- _WHAT IS REQUIRED_
Begin the copy at the line containing "不過其實呢,這兩個吉他是分別" in the data below and end it at the line containing "This beautiful silverplated", keeping each line exact and leaving out pictures.

- _MATERIAL PROVIDED_
━━━━━━━━━━━━━━━━━━━━
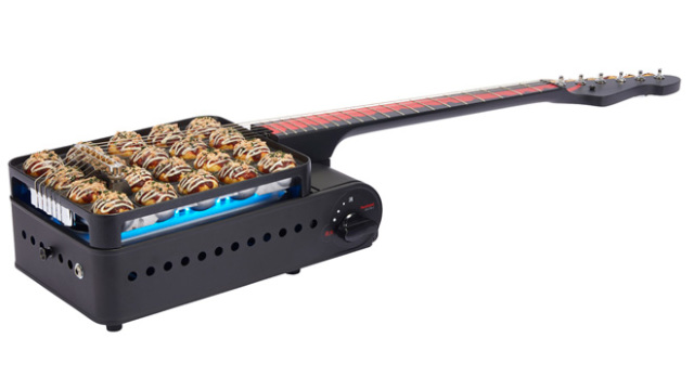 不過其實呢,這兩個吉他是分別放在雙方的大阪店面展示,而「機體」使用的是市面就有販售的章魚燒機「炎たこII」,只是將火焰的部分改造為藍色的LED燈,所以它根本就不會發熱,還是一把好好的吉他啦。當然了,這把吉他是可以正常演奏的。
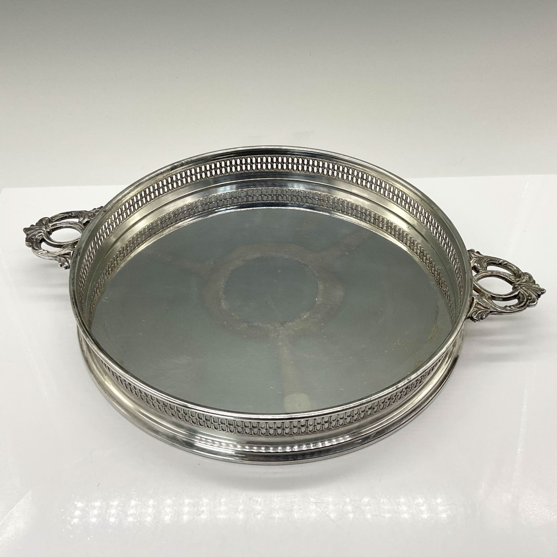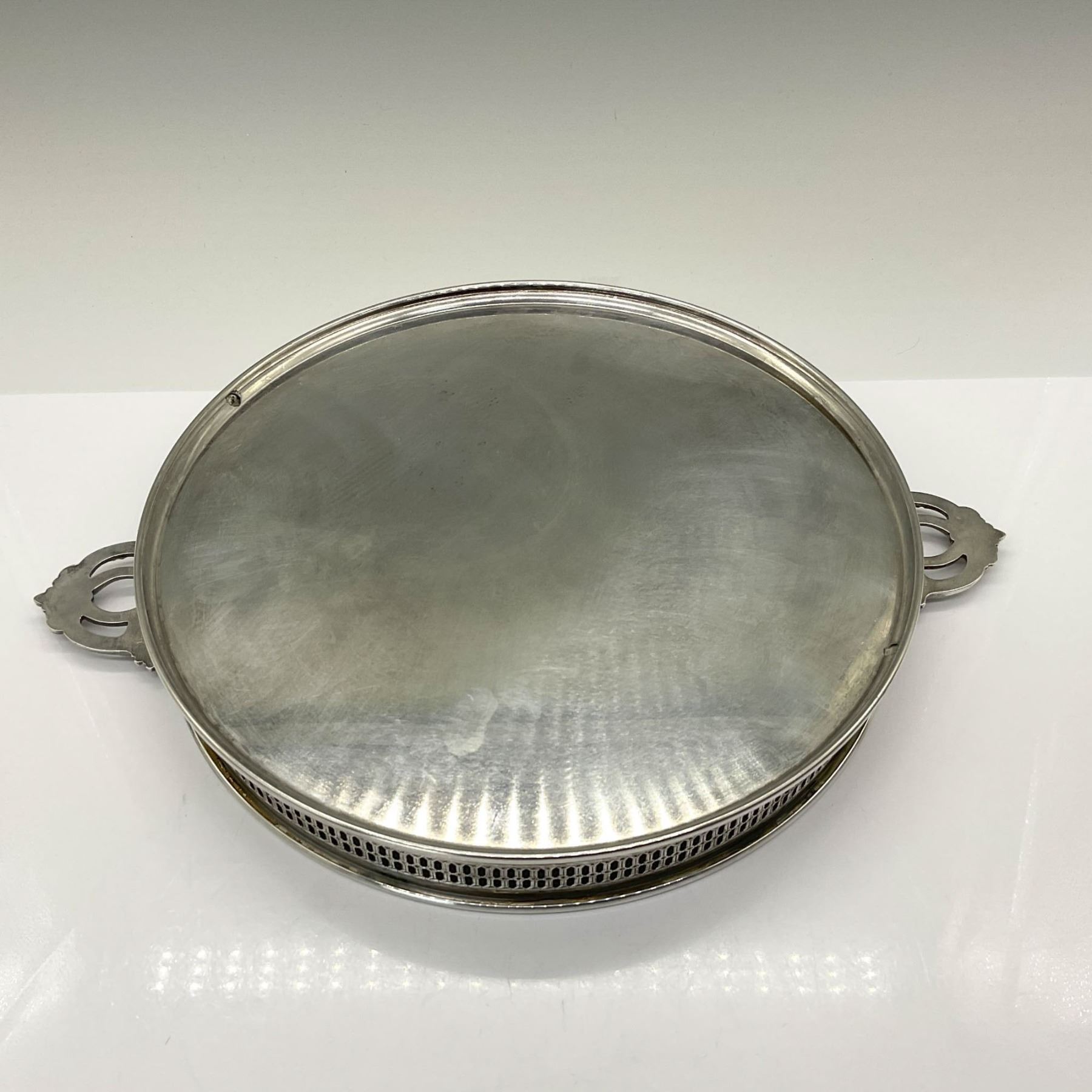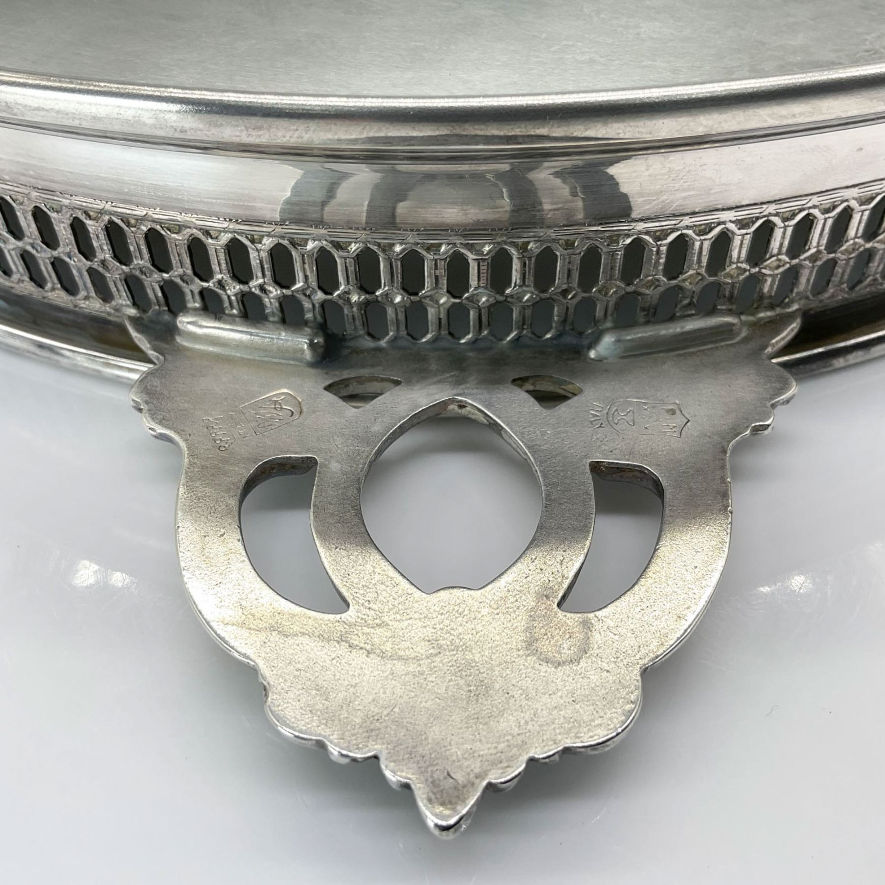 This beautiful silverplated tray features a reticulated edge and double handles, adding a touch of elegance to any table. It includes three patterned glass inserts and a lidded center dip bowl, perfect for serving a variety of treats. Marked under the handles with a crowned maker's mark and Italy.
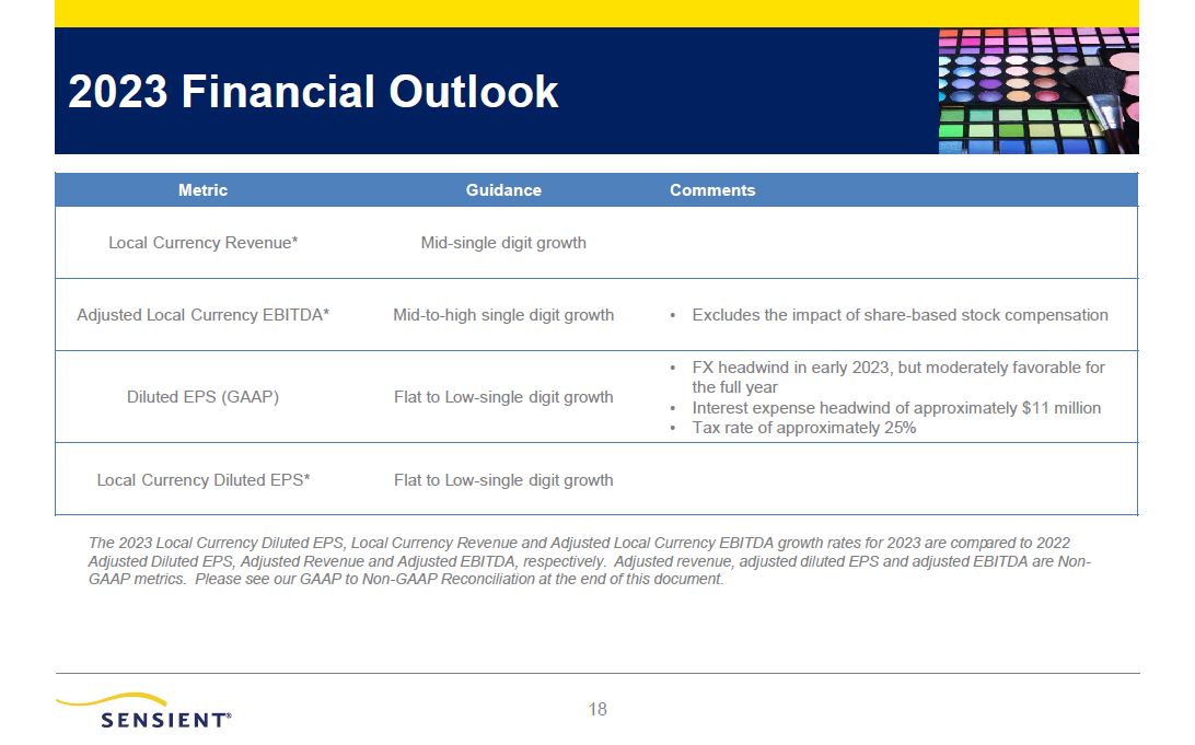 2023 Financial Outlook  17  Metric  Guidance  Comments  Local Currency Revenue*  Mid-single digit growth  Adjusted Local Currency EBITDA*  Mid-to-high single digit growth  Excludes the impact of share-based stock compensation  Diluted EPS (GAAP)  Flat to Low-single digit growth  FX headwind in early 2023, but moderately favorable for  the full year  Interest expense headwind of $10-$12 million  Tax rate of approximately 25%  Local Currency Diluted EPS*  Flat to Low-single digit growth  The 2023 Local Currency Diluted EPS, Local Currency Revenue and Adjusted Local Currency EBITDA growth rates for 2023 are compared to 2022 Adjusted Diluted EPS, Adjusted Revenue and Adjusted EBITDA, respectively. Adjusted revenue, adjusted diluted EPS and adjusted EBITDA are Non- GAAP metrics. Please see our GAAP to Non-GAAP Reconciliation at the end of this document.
━━━━━━━━━━━━━━━━━━━━
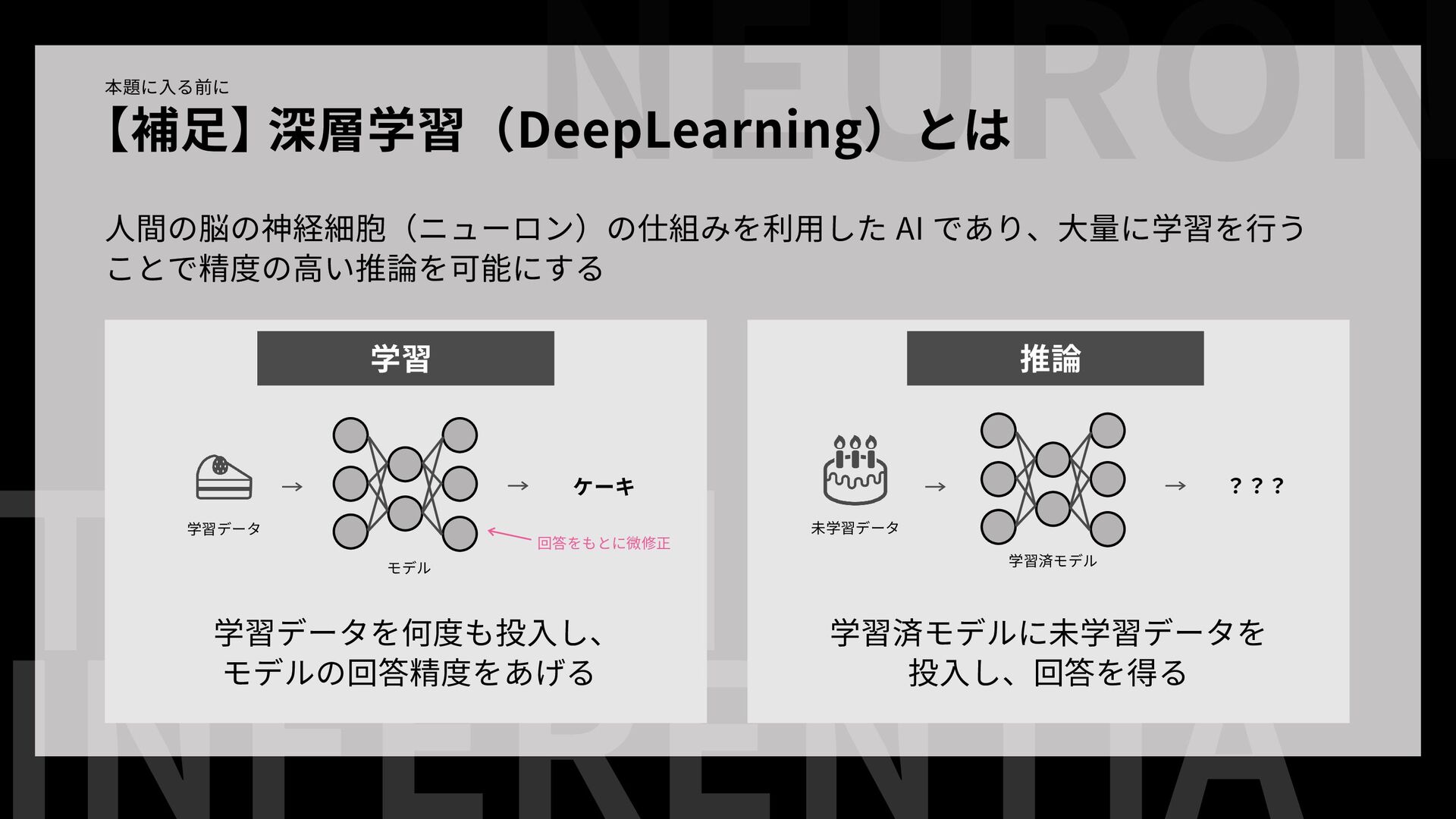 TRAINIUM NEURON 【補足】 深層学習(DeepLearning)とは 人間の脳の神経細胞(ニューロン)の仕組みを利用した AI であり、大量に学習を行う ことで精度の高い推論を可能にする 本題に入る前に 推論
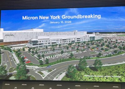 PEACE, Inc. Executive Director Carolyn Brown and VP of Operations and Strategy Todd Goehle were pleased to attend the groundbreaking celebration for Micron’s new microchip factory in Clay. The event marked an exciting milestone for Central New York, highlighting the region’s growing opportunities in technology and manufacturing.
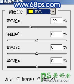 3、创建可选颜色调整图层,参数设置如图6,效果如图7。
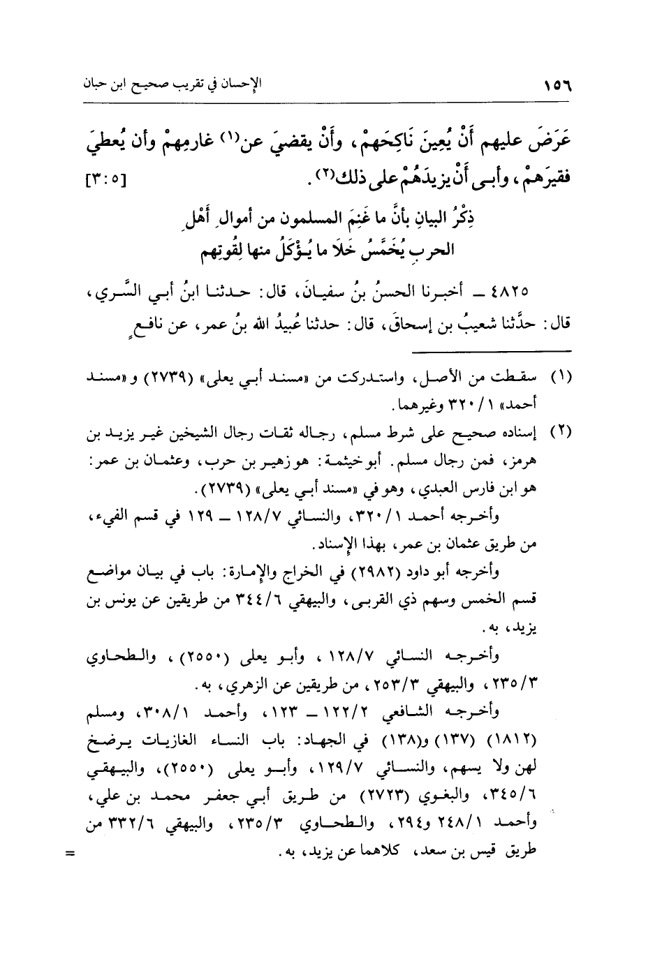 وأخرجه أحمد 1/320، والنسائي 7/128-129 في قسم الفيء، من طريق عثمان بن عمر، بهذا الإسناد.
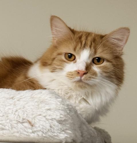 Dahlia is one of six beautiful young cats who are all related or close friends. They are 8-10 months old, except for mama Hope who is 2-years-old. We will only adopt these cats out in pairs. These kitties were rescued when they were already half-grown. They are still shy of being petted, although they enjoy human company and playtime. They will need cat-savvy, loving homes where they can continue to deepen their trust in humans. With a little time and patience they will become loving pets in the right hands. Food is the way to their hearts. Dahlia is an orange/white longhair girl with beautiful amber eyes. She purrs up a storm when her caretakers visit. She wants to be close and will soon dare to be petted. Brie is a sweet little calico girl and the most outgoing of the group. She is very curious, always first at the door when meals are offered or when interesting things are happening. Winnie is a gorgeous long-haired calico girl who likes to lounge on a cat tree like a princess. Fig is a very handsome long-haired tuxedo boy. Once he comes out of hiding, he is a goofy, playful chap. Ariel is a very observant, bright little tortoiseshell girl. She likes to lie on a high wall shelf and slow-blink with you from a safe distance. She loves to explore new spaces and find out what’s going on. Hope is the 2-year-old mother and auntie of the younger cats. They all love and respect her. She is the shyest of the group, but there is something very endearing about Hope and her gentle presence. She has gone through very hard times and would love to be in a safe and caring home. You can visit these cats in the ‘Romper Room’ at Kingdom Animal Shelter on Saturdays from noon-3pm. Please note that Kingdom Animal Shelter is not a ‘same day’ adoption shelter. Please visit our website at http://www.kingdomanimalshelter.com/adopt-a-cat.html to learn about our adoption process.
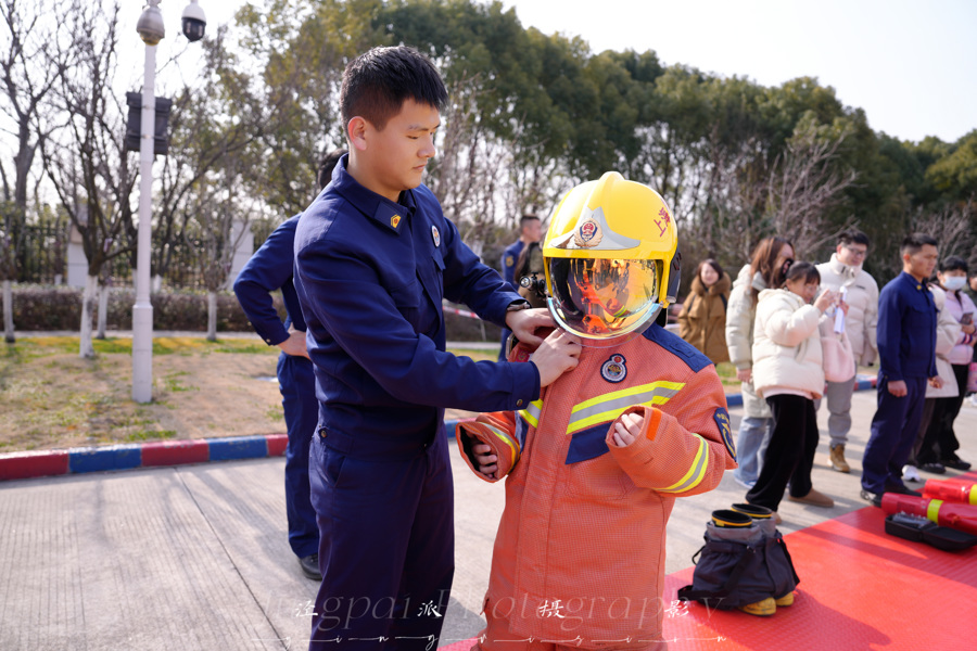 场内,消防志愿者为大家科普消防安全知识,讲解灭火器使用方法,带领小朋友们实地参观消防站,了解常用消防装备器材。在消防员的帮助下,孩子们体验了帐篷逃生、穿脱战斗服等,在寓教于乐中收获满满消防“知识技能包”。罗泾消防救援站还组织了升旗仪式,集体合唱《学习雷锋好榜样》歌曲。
━━━━━━━━━━━━━━━━━━━━
- _WRITTEN RESPONSE_
 不過其實呢,這兩個吉他是分別放在雙方的大阪店面展示,而「機體」使用的是市面就有販售的章魚燒機「炎たこII」,只是將火焰的部分改造為藍色的LED燈,所以它根本就不會發熱,還是一把好好的吉他啦。當然了,這把吉他是可以正常演奏的。
 This beautiful silverplated tray features a reticulated edge and double handles, adding a touch of elegance to any table. It includes three patterned glass inserts and a lidded center dip bowl, perfect for serving a variety of treats. Marked under the handles with a crowned maker's mark and Italy.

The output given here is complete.